Because of my ambition for continuing my studies at master degree, I have to prepare everything. TOEFL ITP Test, TPA Bappenas Test, ask recomendation from my lecturers, create "Proyeksi Keinginan Magister", etc. After the hectic days (ask for signature from my supervisors and thesis judge lecturer, complete the administration for graduation, doing all the test for master requirement), my family and I got sick. Oh my God... I think that was a bad weeks. I just lay on my bed, sleep, eat, and praying, "Oh Allah, please I want to live longer cause I want to do so many things and want your forgiveness of all my sins."

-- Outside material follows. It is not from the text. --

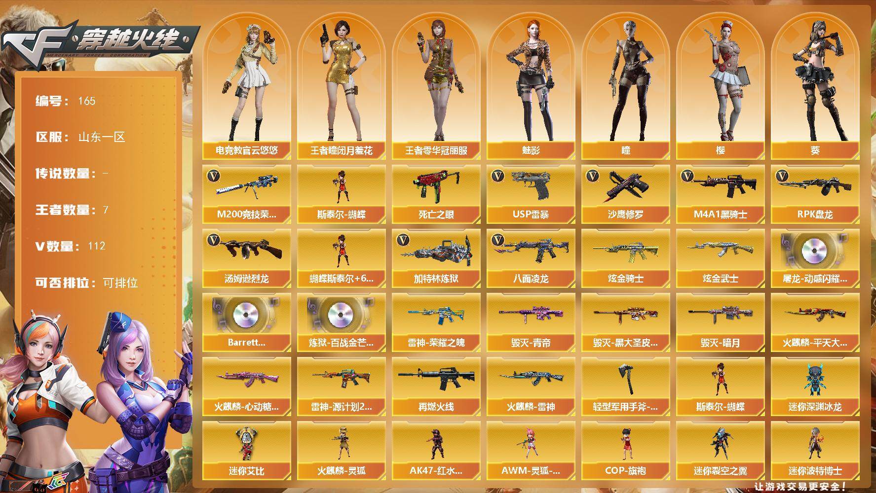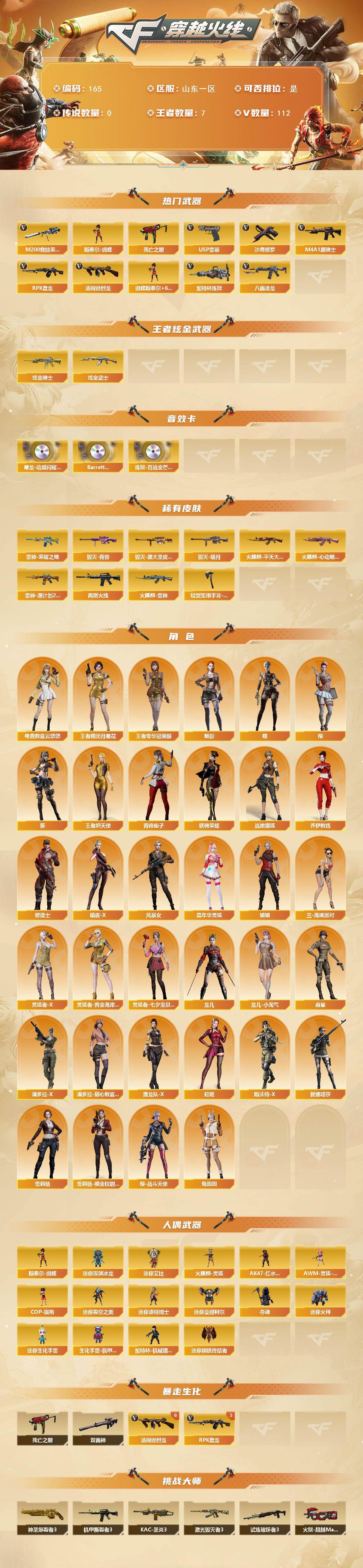 [13974580]山东一区-112V-7王者-2炫金 【热门武器】:M200-竞技荣光,八面凌龙,死亡之眼,M4A1-黑骑士*4,汤姆逊-烈龙*6,RPK-盘龙*5,加特林-炼狱,斯泰尔-蝴蝶,USP-雷暴,沙鹰-修罗*5 【王者炫金武器】:炫金骑士,炫金武士 【音效卡】:屠龙-动感闪耀 音效卡,Barrett-碧霄极光音效卡,炼狱-百战金芒-庆典舞曲音效卡 【皮肤】:雷神-荣耀之魄,雷神-源计划2.0专属 皮肤,M4A1-再燃火线,火麒麟-雷神,火麒麟-平天大圣,火麒麟-心动糖果,毁灭-暗月,毁灭-黑大圣皮肤,毁灭-青帝,轻型军用手斧-再燃火线 【角色】:葵,樱,瞳,魅影,电竞教官-云悠悠,战地猎狐,王者-瞳-闭月羞花,王者零-华冠丽服,王者炽天使,乔伊教练,修道士,暗夜-X,风暴女,嘉年华灵狐,娟娟,兰-海滩派对,灵狐者-X,灵狐者-黄金海岸,灵狐者-七夕宝贝,龙儿,龙儿-小淘气,麻雀,潘多拉-X,潘多拉-甜心教官,潜龙队-X,青霞仙子,蛇姬,斯沃特-X,铁骑荣耀,兔囡囡,新娜塔莎,雪莉杨,雪莉杨-摸金校尉,樱-战斗天使 【人偶武器】:火麒麟-灵狐,迷你钢铁终结者,斯泰尔-蝴蝶,加特林-机械猎手,AK47-红水晶-斯沃特精英,AWM-灵狐-15周年嘉年华*2,COP-旗袍,迷你深渊冰龙*3,迷你裂空之翼*2,迷你波特博士*7,迷你曼提柯尔,夺魂,迷你火种*8,迷你生化手雷,生化手雷-机甲核心*2,迷你艾比 【暴走生化】:双面神,死亡之眼 【挑战大师】:火狱乱世-超越Max,神圣爆裂者III,激光毁灭者III,机甲撕裂者III,试炼破坏者III,KAC-圣炎切割者III 【英雄级武器】:AK47-火麒麟,M4A1-雷神*2,M4A1-黑骑士*4,AK47-黑武士*2,M4A1-武圣*2,AK47-机械迷城,M4A1-幻灵,无影-神兵利器,八面凌龙,烈火-动感闪耀,王者之势-觉醒版,王者之幻-觉醒版,黑骑士-海王*3,AWM-天龙,Barrett-毁灭*2,Barrett-极光,M200-竞技荣光,王者之怒-觉醒版,RPK-盘龙*5,加特林-炼狱,炼狱-百战金芒,汤姆逊-烈龙*6,AA-12-雷霆,沙鹰-修罗*5,沙鹰-天神*2,USP-雷暴,柯尔特-竞技荣光,Glock18-武圣,天神-动感闪耀,屠龙*2,龙啸,擎天,麒麟刺*7,幻灵之锋,擎天-竞技荣光*3,屠龙-动感闪耀,麒麟

After the "stormy" weeks... I am waiting for the announcement of master degree and alhamdulillah accepted. My first class in master degree starts at August 14th 2021. Oh.. it's a great experience that so many dedicated and talented lecturer in every class I take. I am so grateful, Allah give me chance to live longer and continue my master studies.
Okayy... that is the good one in my 2021.
In 2021, I am not only accepted but also rejected. I am rejected (from the first steps, administration step) by Beasiswa Unggulan Masyarakat Berprestasi for my master funding. So sad... I have the high hope on that... But it's okay, alhamdulillah my parents can be my investors for this study... heheee.
Beside the academic one, 2021 gave me "love lesson" that I learned. I am fall in love and heart broken at the same year. Lesson learned: don't expect everything (in someone or something besides Allah) cause it always make you disappointed.
Okayy that's all. Actually there were so many things that I want to write. But I think, that is for my personal only. Maybe I will write it on my personal journal.